Only the lines from the one holding "Organisé par le" through the end of the material are to be repeated, exactly and without pictures.

◇ ◇ ◇ ◇ ◇ ◇ ◇

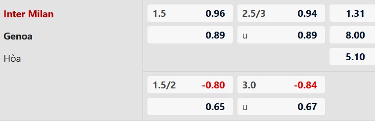 Nhận định kèo châu Á Inter Milan vs Genoa:
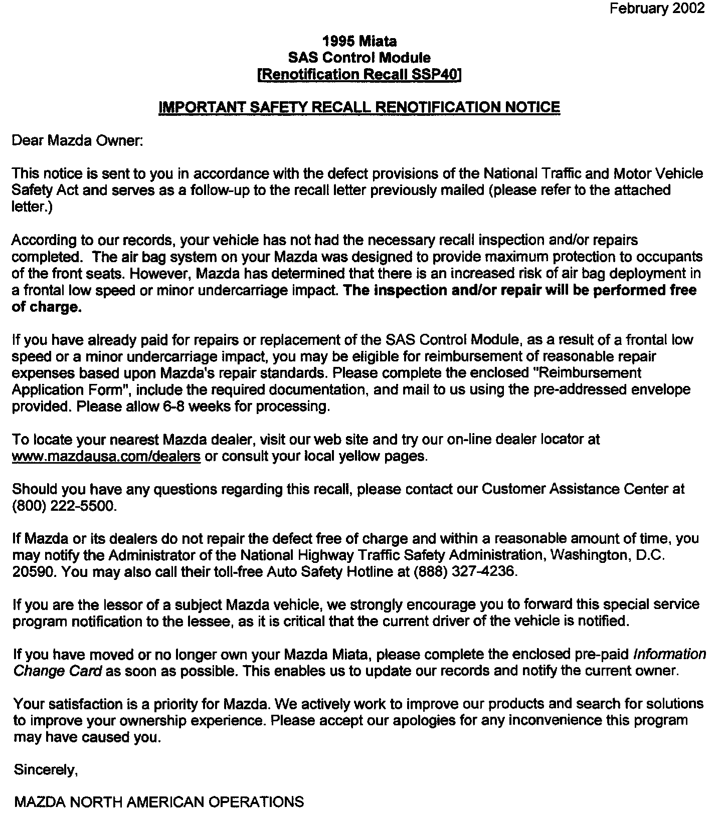 Attachment III - Owner Letter - February 2002
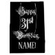 This elaborate and formal birthday-themed gift bag design features the message “Happy 31st Birthday,” in opulent script style text, on a black coloured background. It also has a custom recipient name. A birthday themed giftbag like this might be a respectable way to wrap a gift or present being given to celebrate somebody’s thirty first birthday. [~Z0000557]
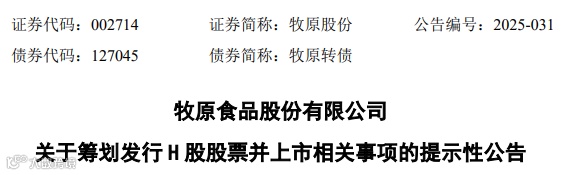A股上市公司,全球最大的生猪养殖和猪肉生产商之一牧原股份(002714.SZ)宣布,为深入推进国际化战略,打造国际化资本运作平台,经充分研究论证,公司拟发行境外上市外资股(H股)股票并申请在联交所主板挂牌上市。
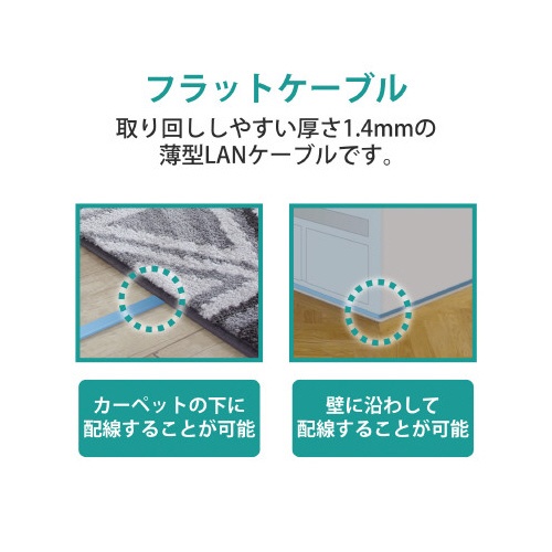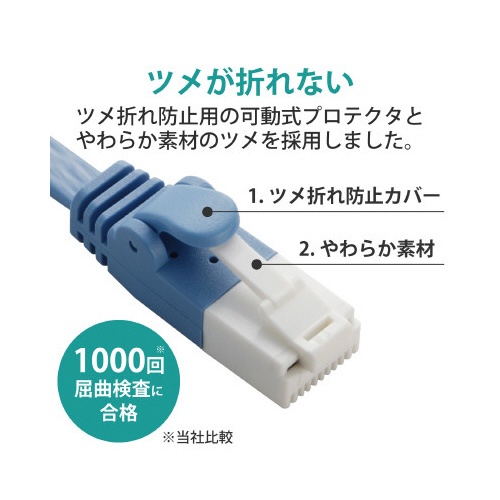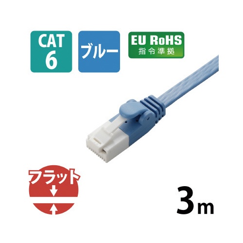ツメ折れ防止フラットLANケーブル カテ6青 3m
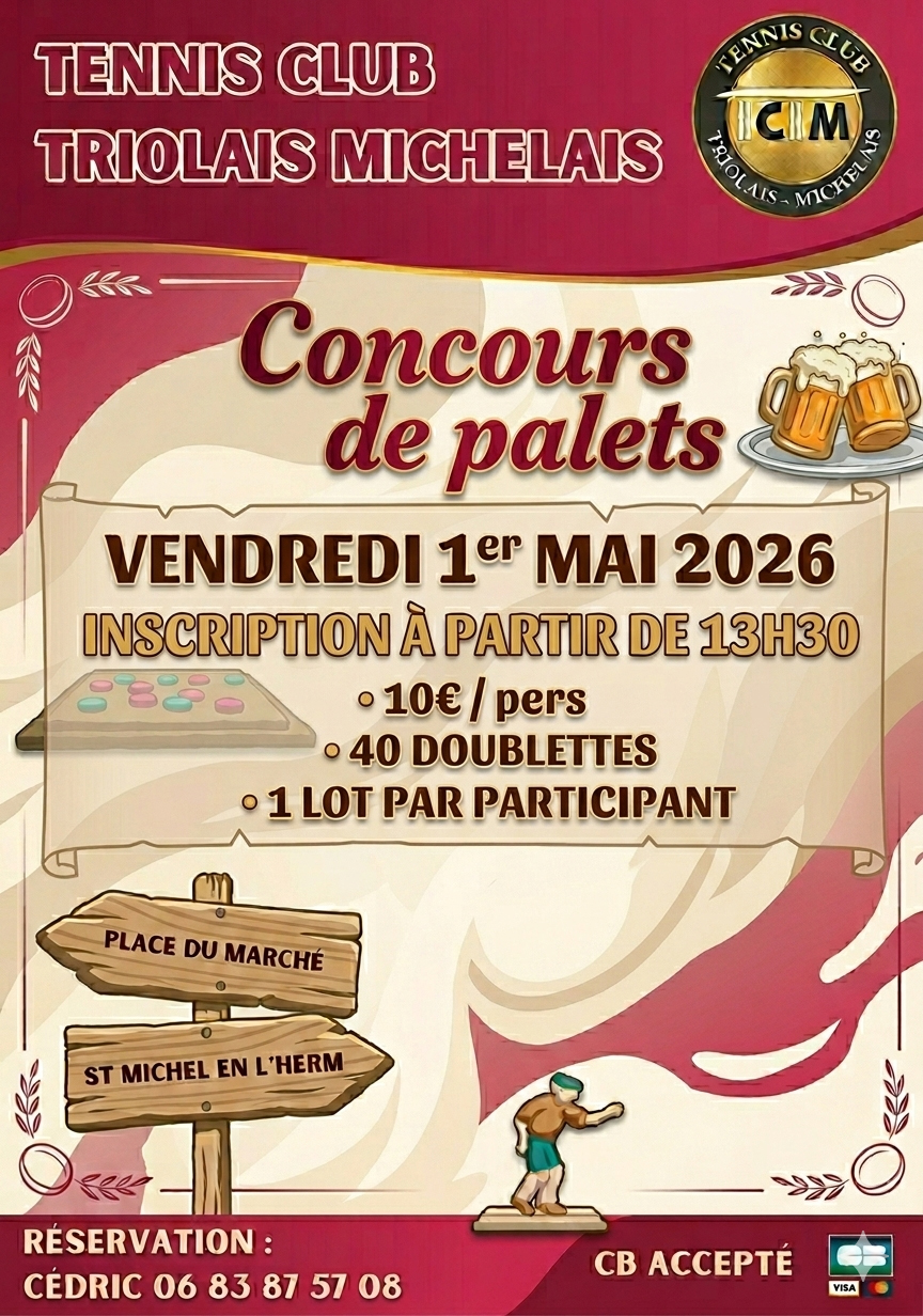 Organisé par le Tennis Club Triolais-Michelais. Place du marché, réservation au 06 83 87 57 08. Tarif : 10€/joueur. 1 lot par participant.
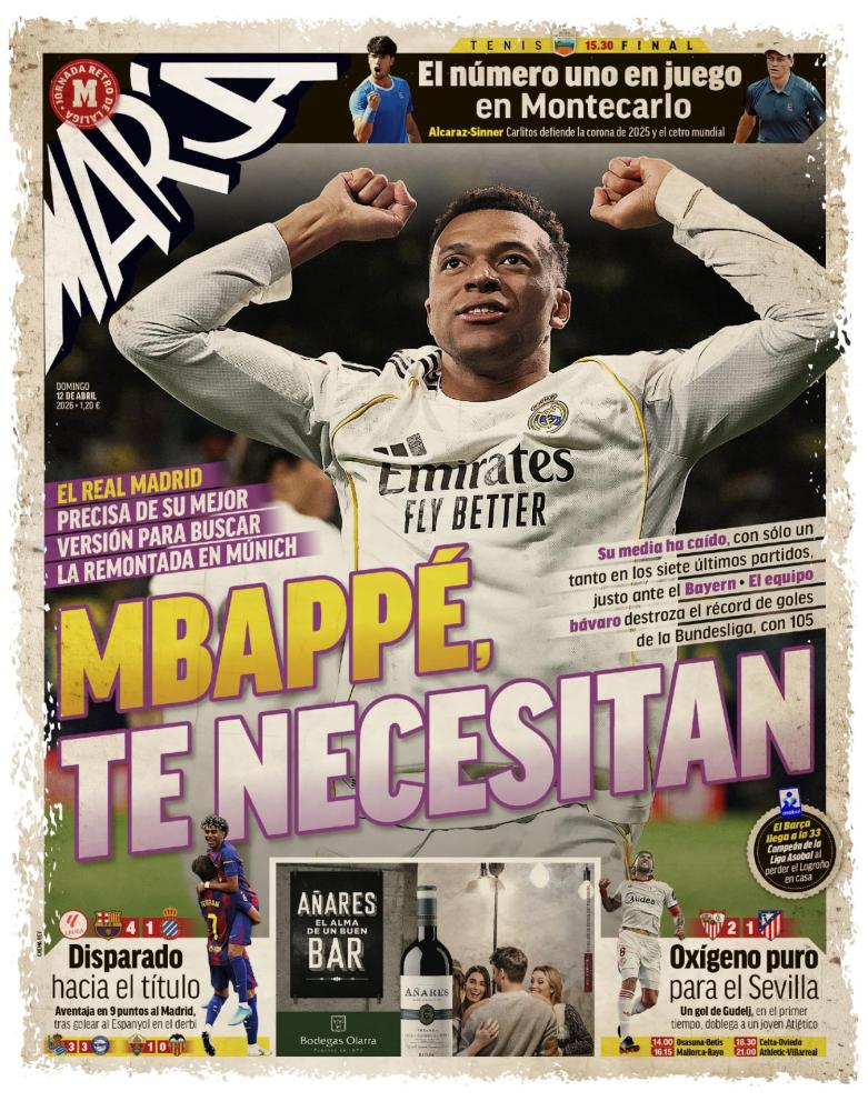 Marca destaca en su portada la necesidad de recuperar el mejor nivel de Mbappé tras unos últimos partidos más discretos en términos goleadores.
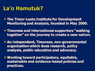 Seventeen years ago last week, La’o Hamutuk was formed in response to that request, as an independent, small, local civil society organization. We began to analyze and report on international organizations active in Timor-Leste. We encouraged them, and later Timor-Leste’s own government, to strengthen political sovereignty (including the maritime boundary with Australia), legal accountability (including ending impunity for crimes against humanity committed during the Indonesian occupation), environmental protection, and sustainable, equitable economic development.
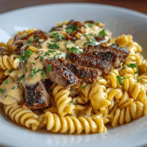 - Pour in heavy cream, simmer until sauce thickens, then add pasta and sliced steak, stirring in Parmesan.
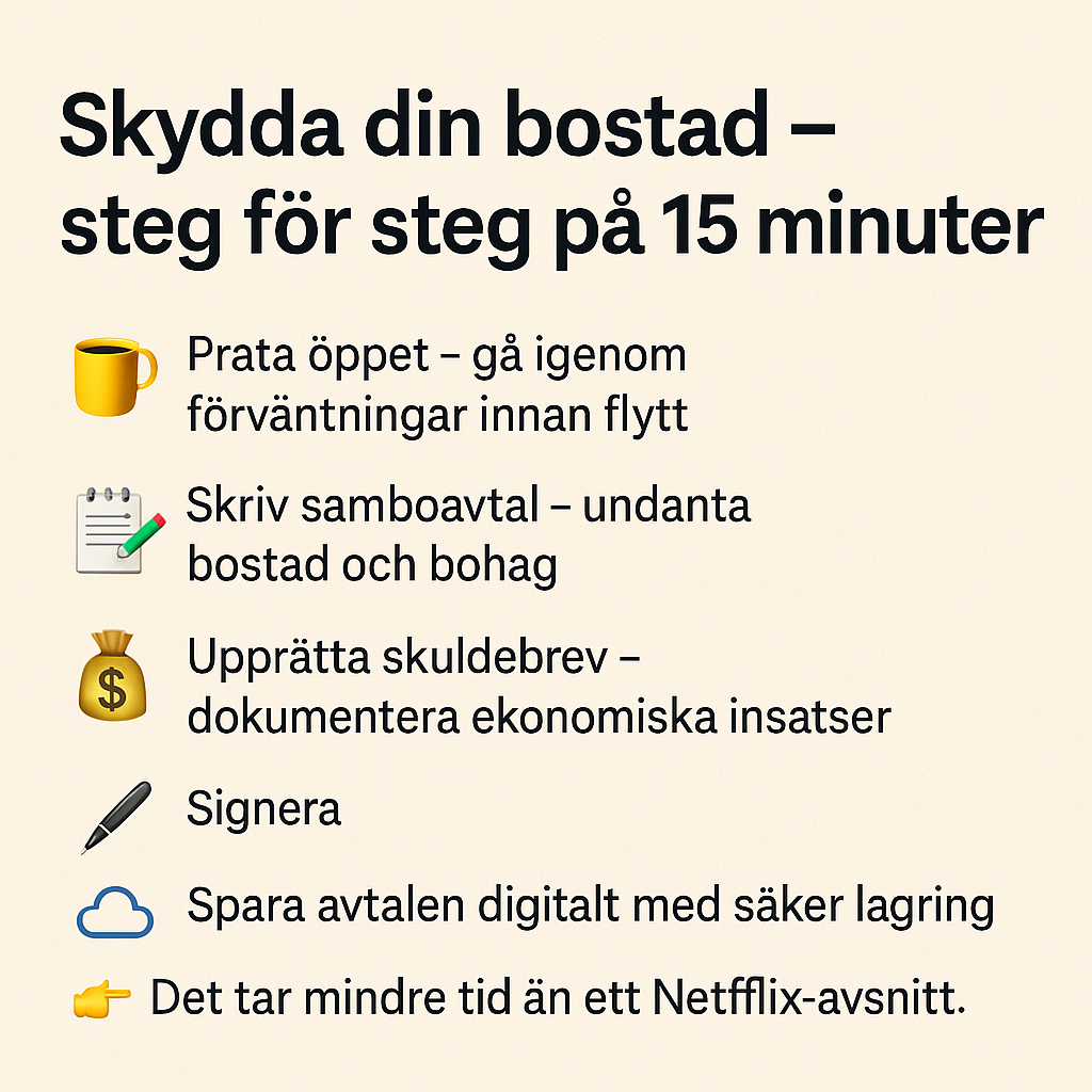 6️⃣ Planera framåt: skriv samboavtal för att undvika framtida tvister.
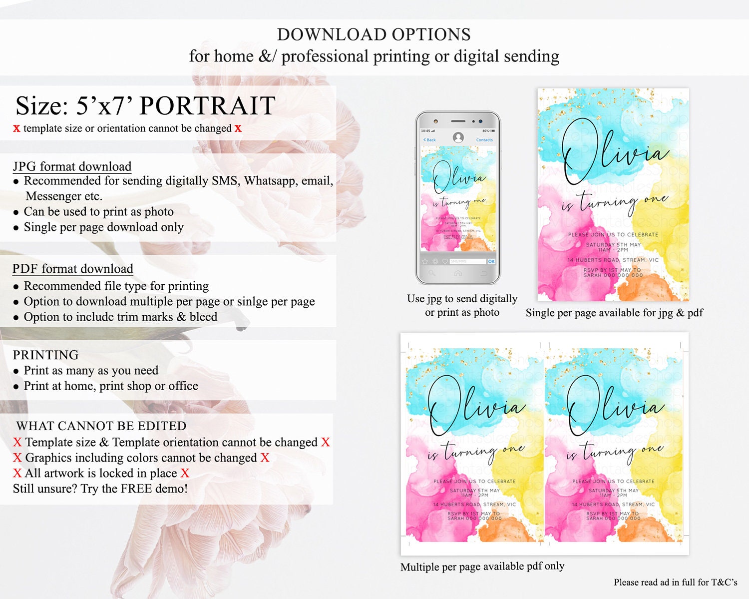 • Template size & orientation cannot be changed. Please use the demo link to confirm this product suits your needs.

◇ ◇ ◇ ◇ ◇ ◇ ◇

SOLUTION TO THIS TASK:
 Organisé par le Tennis Club Triolais-Michelais. Place du marché, réservation au 06 83 87 57 08. Tarif : 10€/joueur. 1 lot par participant.
 Marca destaca en su portada la necesidad de recuperar el mejor nivel de Mbappé tras unos últimos partidos más discretos en términos goleadores.
 Seventeen years ago last week, La’o Hamutuk was formed in response to that request, as an independent, small, local civil society organization. We began to analyze and report on international organizations active in Timor-Leste. We encouraged them, and later Timor-Leste’s own government, to strengthen political sovereignty (including the maritime boundary with Australia), legal accountability (including ending impunity for crimes against humanity committed during the Indonesian occupation), environmental protection, and sustainable, equitable economic development.
 - Pour in heavy cream, simmer until sauce thickens, then add pasta and sliced steak, stirring in Parmesan.
 6️⃣ Planera framåt: skriv samboavtal för att undvika framtida tvister.
 • Template size & orientation cannot be changed. Please use the demo link to confirm this product suits your needs.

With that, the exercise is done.